As James Z. Gao found in Meeting Technology’s Advance: Social Change in China and Zimbabwe in the Railway Age, trains and train tracks had a major effect “on the lives of local people” in China and beyond. This paper examines the unintended consequences of railways in China between the 1950s and 1970s through the lens of danger. How did people whose work, homes, and commutes put them in risky proximity to train tracks deal with new dangers in their lives? How did the Communist party-state’s security apparatus strive to protect what it considered vital infrastructure from protests and sabotage? Drawing from gazetteers and internal public security reports, I explore the rural-urban dynamic of railway safety, which provided convenience to city dwellers but presented disproportionate risks to people who lived in the hinterland. Inspired by James Gao’s approach to social change, I find that trains and train tracks meant different things to diverse groups of people in various places throughout China: they were not only a means of conveyance, they also became deadly threats and targets of protest.

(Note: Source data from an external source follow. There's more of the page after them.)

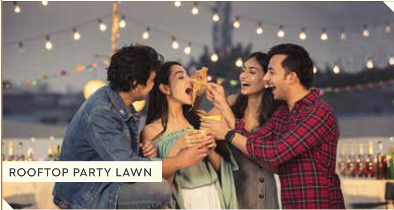
ROOFTOP PARTY LAWN

Whether you want to be active, or just chill out.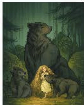
Illustration Print, $10-20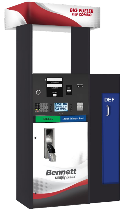
Big Fueler Diesel/DEF Combo shown with alphanumeric keypad and 7" widescreen display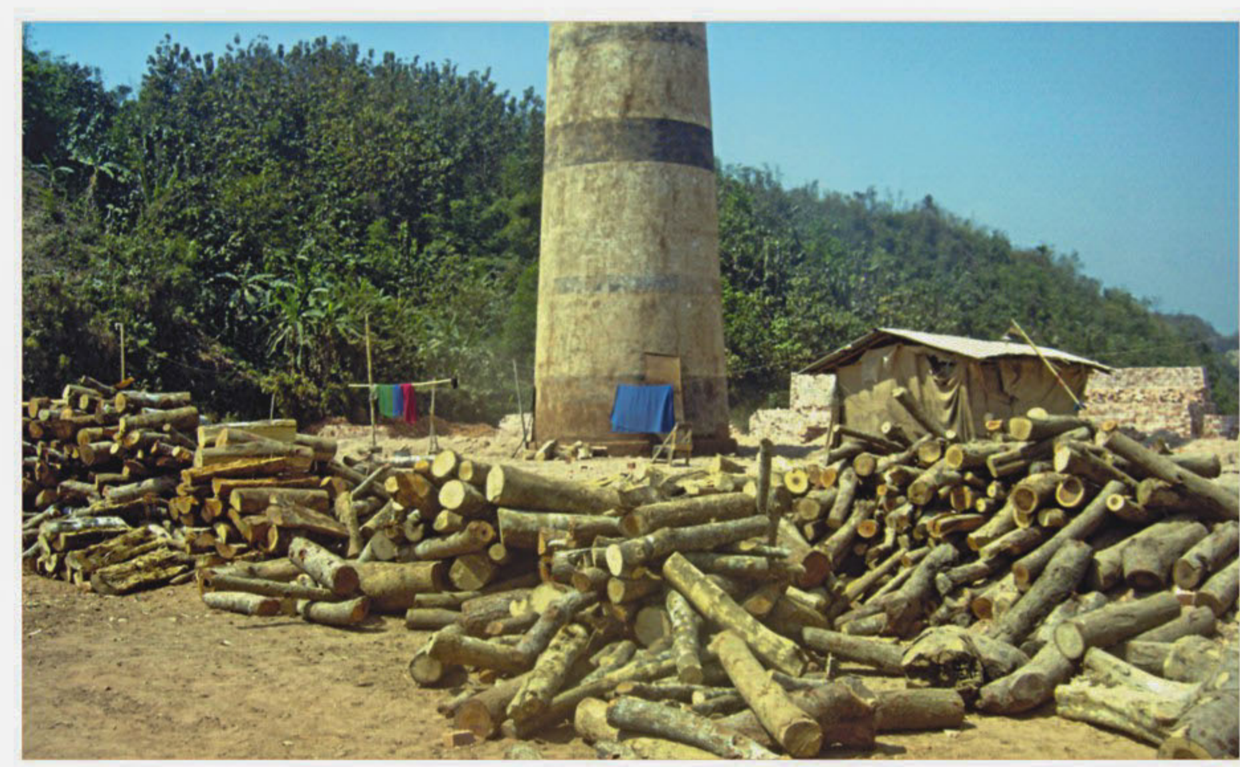
Violating environmental laws, brick kilns in Bandarban have been using firewood to burn bricks leading to deforestation in the area. The photo was taken at BBC Brick Kiln yesterday.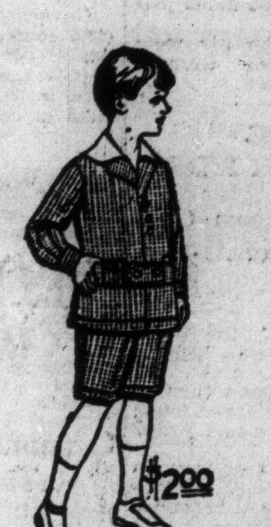
24. Drill Suit in Black and White or Tan and White. Sizes 3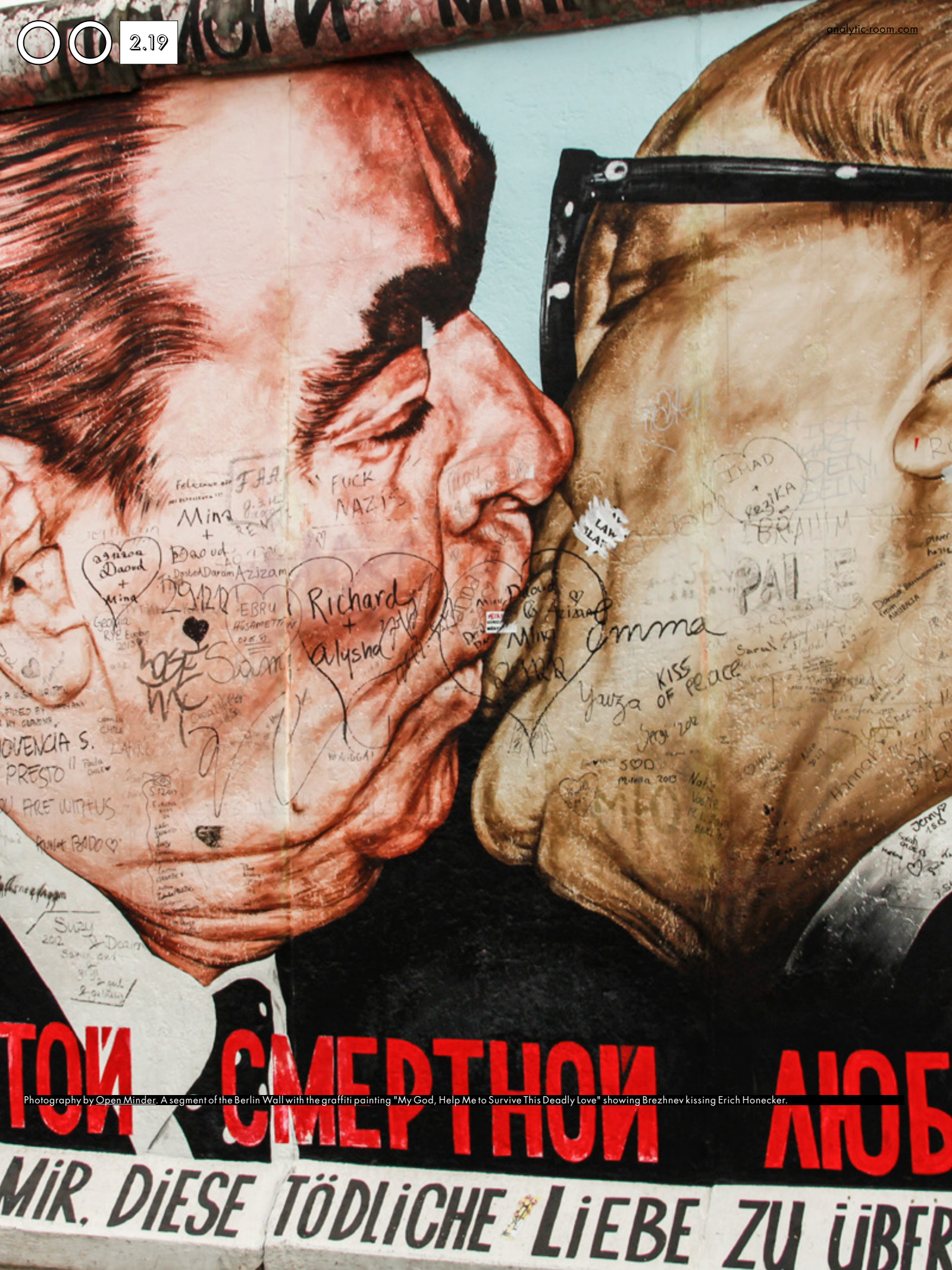
A segment of the Berlin Wall with the graffiti painting "My God, Help Me to Survive This Deadly Love" showing Brezhnev kissing Erich Honecker.

ТОЙ СМЕРТНОЙ ЛЮБ MIR, DIESE TÖDLICHE LIEBE ZU ÜBER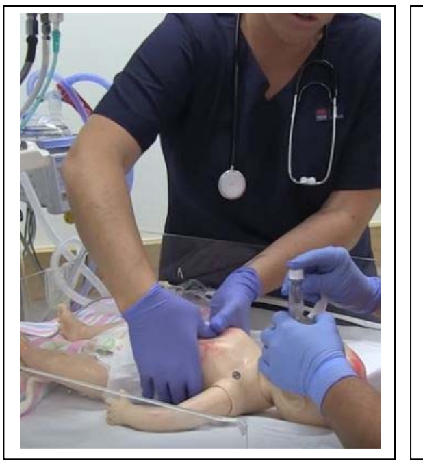
Figure 1: demonstration of neonatal resuscitation, where the initial contact on the sternum is shown followed by an indication of the depth of each chest compression

Step 3 involves chest compression, which may focus biomechanical stresses deep into the sternum and through the rib cage to the mid-thoracic spine. It is common in children and adults for chest compressions to fracture the sternum or fracture and/or dislocate ribs, and while chest compression used for the adult involves considerably greater force that what is expected for a neonate, guidelines recommend that the infant be placed supine on a hard surface and the chest is compressed three times followed by a "rescue breath", involving approximately 100 compressions and 30 breaths per minute. The compressions are to a depth of 4 cm, or approximately one third of the infant chest thickness (13) (14) (15).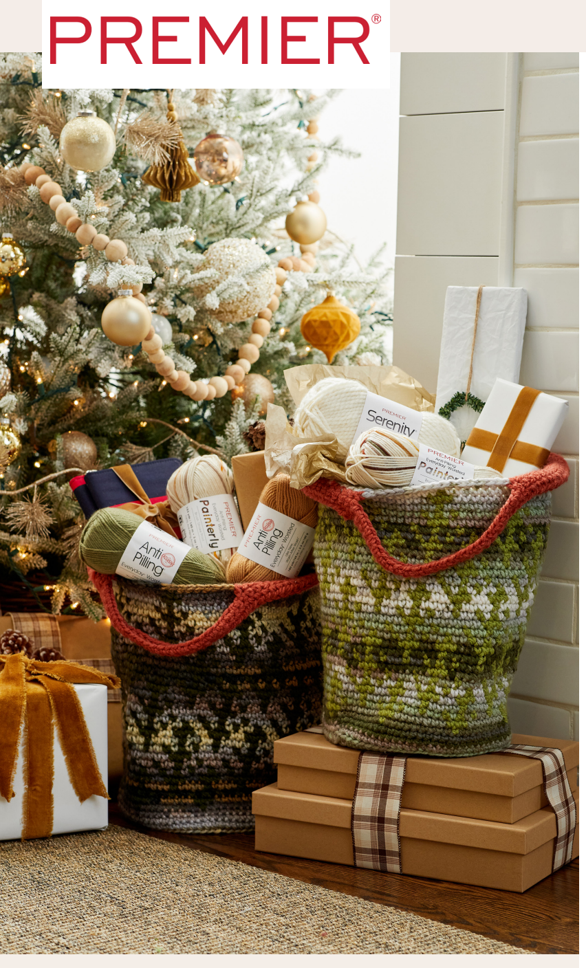
Tapestry Leaf Baskets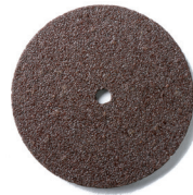
409 Cutting Wheel Grainger #3W841

1-1/4" Fiberglass Reinforced Cut-off Wheels, 5 Pack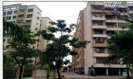
Garden Court - Bhayander (W)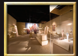
Egypt Before Tutankhamun

MORE THAN 130 ARTIFACTS FROM THE TOMB OF TUTANKHAMUN AND THE GREAT PHARAOHS OF THE 18TH DYNASTY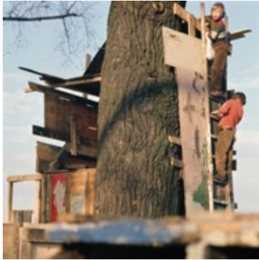
Ursula Schulz-Dornburg, Image from the series Huts, Temples, Castles . Courtesy of the artist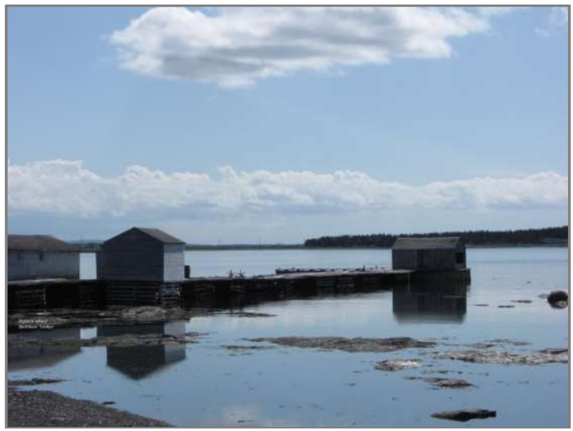
Pynn's wharf and stages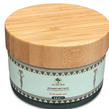
DECADENT MINT CACAO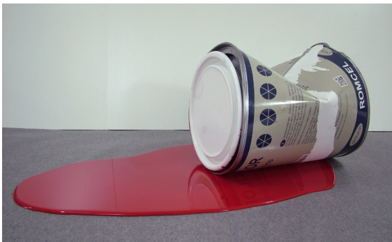
Macro X, 2012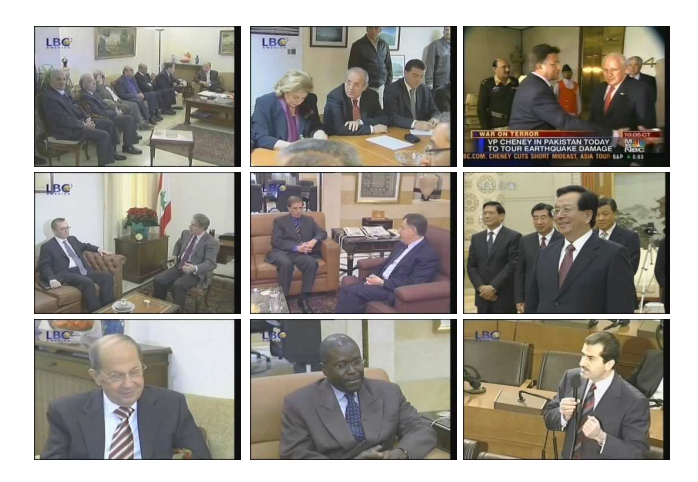
Figure 4: Examples of scene matching (section 1.2) for the concept "government leaders". Spatial layout is important for such cases as people are often framed in a common manner/pose for single individuals, pairs, small groups etc.

non-increasing order over a weighted sum of the votes, where the weights quantify some measure of relative confidence between the multiple sources. The weightings are determined from a validation set, taken from the training data, for each concept.

  • “Gao’s Perception on War and Society: The Impact of the Korean War on China, 1950-1954”, Xiaobing Li, University of Central Oklahoma

James Gao contributed to the Korean War history studies by explaining the impact of the Korean War on urban society in his book, The Communist Takeover of Hangzhou. He moved away from conventional interpretations of political control, propaganda, and law enforcement, and instead explored the “cultural dimension” as the key for the CCP to consolidate power in urban areas from 1950-1954. His research provides a better understanding of the party’s political nature of flexibility through cultural negotiation, consultation with the intellectuals, adaptation to the new environment, and readiness for changes as “the party of learning.” In the formulation and execution of the new policy toward the urban population, the CCP not only asserted its authority over the society but developed an outline for further social transformation. While the continuing revolution rocked urban China, the CCP leadership was also concerned about the moral decay of the rank and file of the revolution. The new urban policy sought to embrace the war in Korea, which required a solid base and stable economic growth. In retrospect, the Korean War moved China to the center of the global Cold War, while contributed significantly to shaping the specific course of Chinese cities.